▸ **DATA BELOW**:
'''
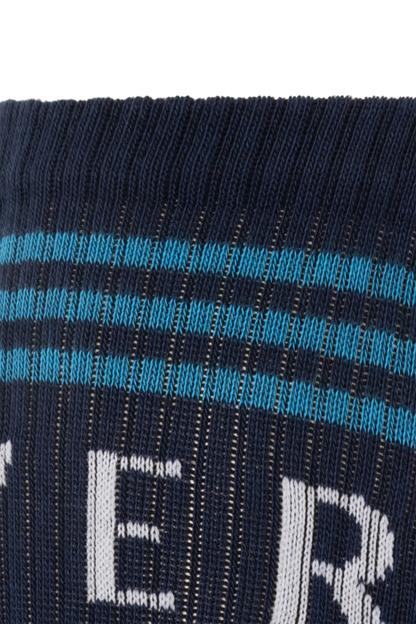 Navy blue, blue and white socks from Versace. Made of cotton, this pair is embellished with a logo pattern and features ribbed cuffs.
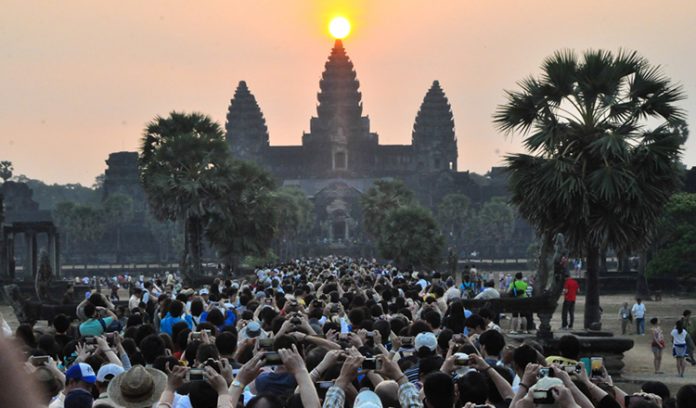 In 2020, the COVID-19 pandemic led to travel restrictions being introduced across the world, which had a severe impact on Cambodia’s tourism sector. As a result, visitors to Angkor Wat plummeted, leaving the usually crowded complex almost deserted. Cambodia, including Angkor Wat, reopened to international visitors in late 2021, but as of the end of 2022 had only received a fraction of its pre-pandemic traffic: a total of 280,000 tourists visited the complex in 2022, versus 2.6 million in 2018. In 2023, the temple saw an increase in numbers over the previous year, having over 400,000 tourists by late July. Tourists reenacting the 2011 game series Temple Run in mid-2024 for social media have drawn criticism from conservationists who warn that it risks damaging Angkor Wat’s structures and carvings and is culturally insensitive.
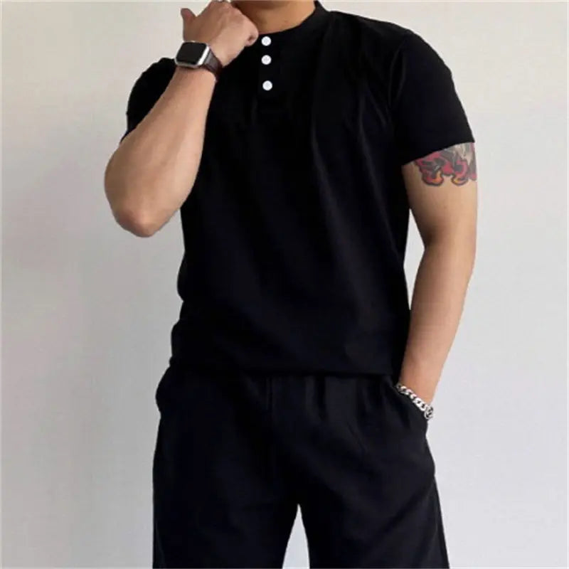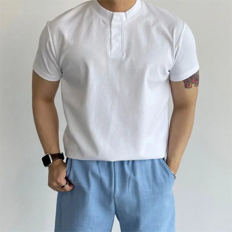 WIAOFELLAS - Summer Knitted T-shirt for Men Short Sleeve Round Neck T-shirt Slim Fit Casual Business Tee Tops M-3XL
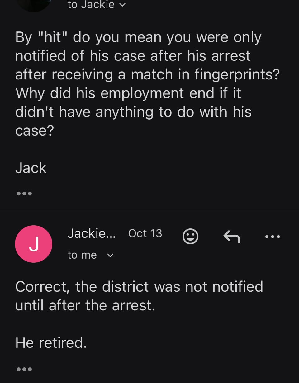 Johnson stated, “The district was not notified about the writing or filing of a sworn complaint... Mr. Nitray's job duties would typically have entailed being on school grounds during the school day. We do not have any record of him volunteering at a school.”
'''
▸ **TASK BRIEF**:
Make an exact copy of the listing above. Do not include the pictures.

▸ **RESULT OF THIS TASK**:
 Navy blue, blue and white socks from Versace. Made of cotton, this pair is embellished with a logo pattern and features ribbed cuffs.
 In 2020, the COVID-19 pandemic led to travel restrictions being introduced across the world, which had a severe impact on Cambodia’s tourism sector. As a result, visitors to Angkor Wat plummeted, leaving the usually crowded complex almost deserted. Cambodia, including Angkor Wat, reopened to international visitors in late 2021, but as of the end of 2022 had only received a fraction of its pre-pandemic traffic: a total of 280,000 tourists visited the complex in 2022, versus 2.6 million in 2018. In 2023, the temple saw an increase in numbers over the previous year, having over 400,000 tourists by late July. Tourists reenacting the 2011 game series Temple Run in mid-2024 for social media have drawn criticism from conservationists who warn that it risks damaging Angkor Wat’s structures and carvings and is culturally insensitive.
 WIAOFELLAS - Summer Knitted T-shirt for Men Short Sleeve Round Neck T-shirt Slim Fit Casual Business Tee Tops M-3XL
 Johnson stated, “The district was not notified about the writing or filing of a sworn complaint... Mr. Nitray's job duties would typically have entailed being on school grounds during the school day. We do not have any record of him volunteering at a school.”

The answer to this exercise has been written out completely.